The 13 Evaluation Criteria
These criteria were selected to cover the full decision surface that ISV product and engineering teams face when choosing a payment platform. Each criterion is evaluated independently — a platform can score 9 in one area and 3 in another.
Integration Architecture
How the platform is structurally designed for ISV embedding — single-platform vs. gateway-only, SDK quality, sandbox environments, and whether the architecture supports multi-tenant deployments natively.
API & Developer Experience
Quality of REST/GraphQL APIs, documentation depth, code samples, SDKs, webhooks, and developer community. Evaluated from an ISV integration team's perspective, not a single-merchant setup.
White-Label Capabilities
How completely an ISV can remove the payment platform's branding from the merchant and end-customer experience — hosted pages, receipts, emails, and dashboards.
Processor Flexibility
Whether the platform locks you into a single acquirer or allows routing across multiple processors. Important for ISVs needing geographic or cost-based routing.
Pricing & Fee Structure
Transparency of pricing, interchange-plus availability, volume discount tiers, and total cost at ISV-relevant transaction volumes (not merchant-level pricing).

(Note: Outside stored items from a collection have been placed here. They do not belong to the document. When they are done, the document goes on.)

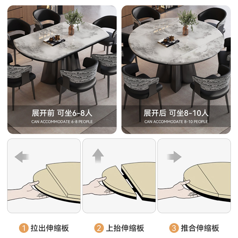 轻奢伸缩折叠方圆两用餐桌小户型可储物微晶石桌椅 天然大理石意式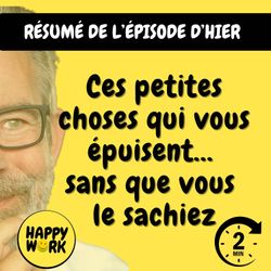 01:45||Saison 8Vous avez raté l'épisode d'hier ? Vous n'avez pas le temps d'écouter la version intégrale ? Pas d'inquiétude, Happy Work LE RÉSUMÉ est là !!!En moins de 2 minutes, l'épisode d'hier est résumé !!!!NOUVEAU : retrouvez moi sur WhatsApp sur la chaîne Happy Work... pas de spam, c'est gratuit et il n'y a que du feelgood !!! : https://whatsapp.com/channel/0029VbBSSbM6BIEm0yskHH2gEt pour retrouver tous mes contenus, tests, articles, vidéos : cliquez iciDÉCOUVREZ MON AUTRE PODCAST, HAPPY MOI – Développement personnel & bien-être au quotidien: bio.to/oYwOeE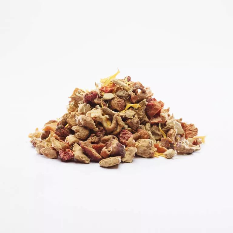 Ingredienser: Økologisk æblestykker, ingefær, mango, jordbær, morgenfrueblomster.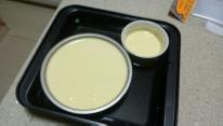 放入装有冷水的烤盘中 放入预热好的烤箱中水浴法150℃30分钟 125℃30分钟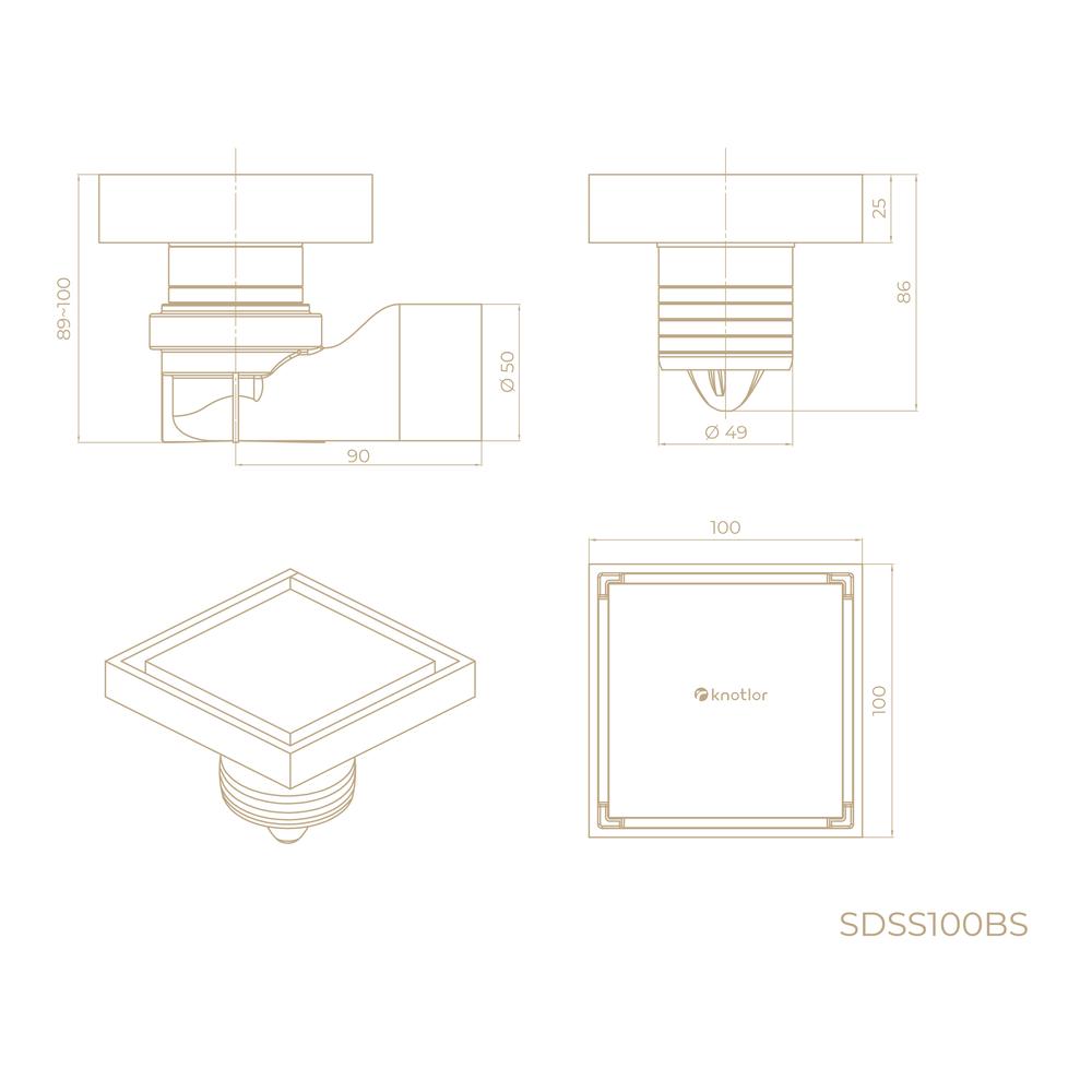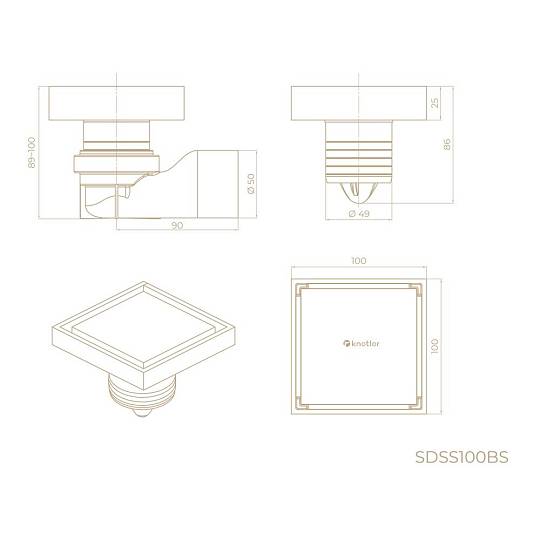 Душевой трап точечный Knotlor SDSS100BS, матовая сталь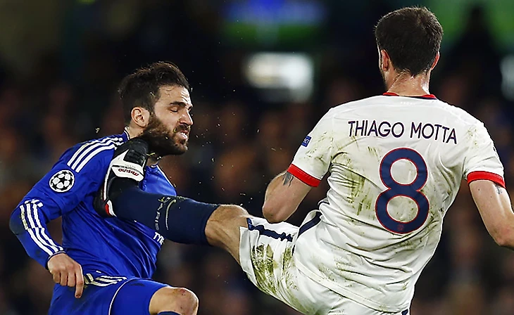 Лига чемпионов-2015/16, «Челси» – «ПСЖ». Тиаго Мотта и Сеск Фабрегас внезапно обменялись хай-киками.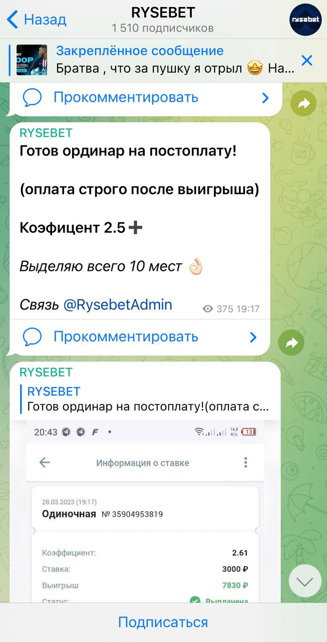 Цены на услуги в Rysebet в Телеграме, наличие вип-чата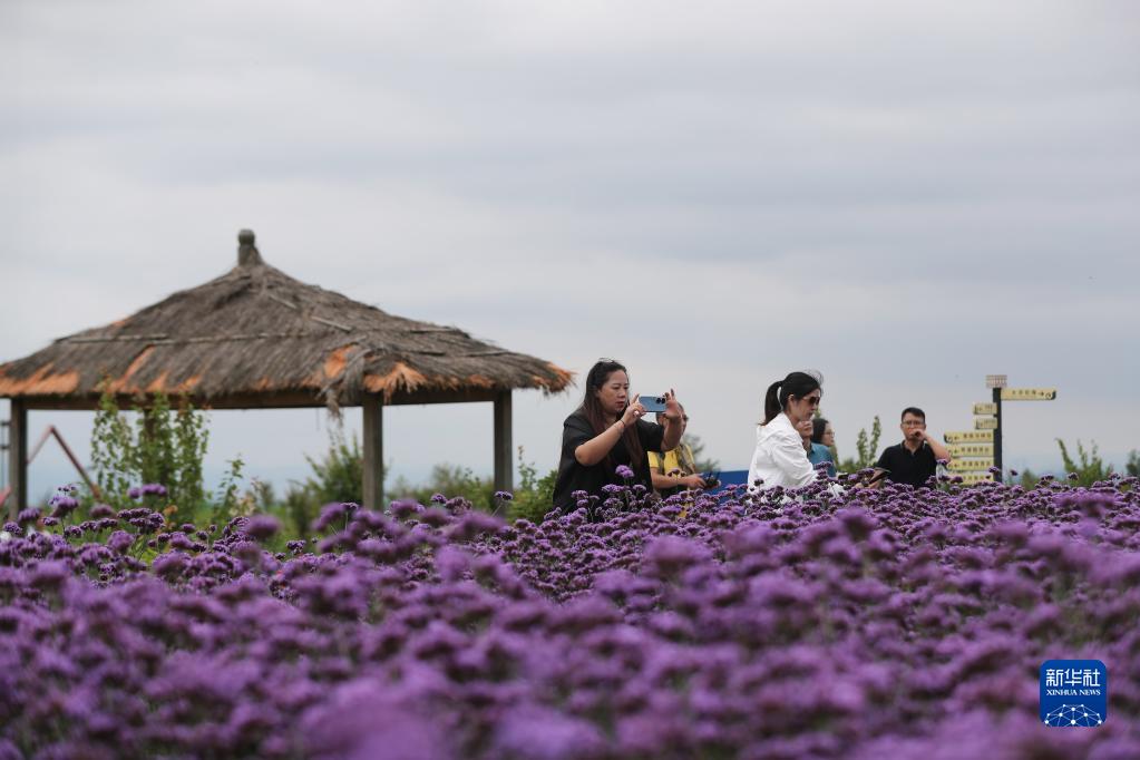 7月14日,游客在貴州省貴陽市花溪區石門花海景區賞花游玩。新華社發(袁福洪 攝)

Omnichannel & In-Person Payments
Quality of POS/terminal hardware, unified online-offline data, and whether in-person payments are native or bolt-on partnerships.
Fraud & Security
Built-in fraud detection, ML risk scoring, 3DS2 support, tokenization, PCI scope reduction, and whether these tools are configurable at the ISV level.
Revenue Sharing
Whether the platform offers ISV revenue-share models on processing volume, the economics of those arrangements, and minimum volume requirements to qualify.
Merchant Onboarding
Speed and friction of sub-merchant activation — KYC/AML automation, API-driven onboarding, and whether SMBs can self-serve or require manual review.
Global Reach
Number of countries with local acquiring, supported currencies, local payment methods (iDEAL, Boleto, etc.), and cross-border fee structures.
Recurring Billing
Native subscription management, dunning logic, proration, plan management APIs, and whether recurring billing is a first-class feature or afterthought.
Customer Support
Dedicated ISV/partner support channels, account management quality, SLA responsiveness, and whether support scales with your integration complexity.
PayFac Options
Native payment facilitation capabilities, managed vs. registered PayFac paths, compliance burden, and whether the platform supports the ISV's desired level of payment ownership.
Editorial Independence
Scores are based on publicly available documentation, API references, pricing pages, and ISV partner program materials. No platform has paid for placement, higher scores, or editorial influence. When information is ambiguous or unavailable, we note it in the comparison notes column.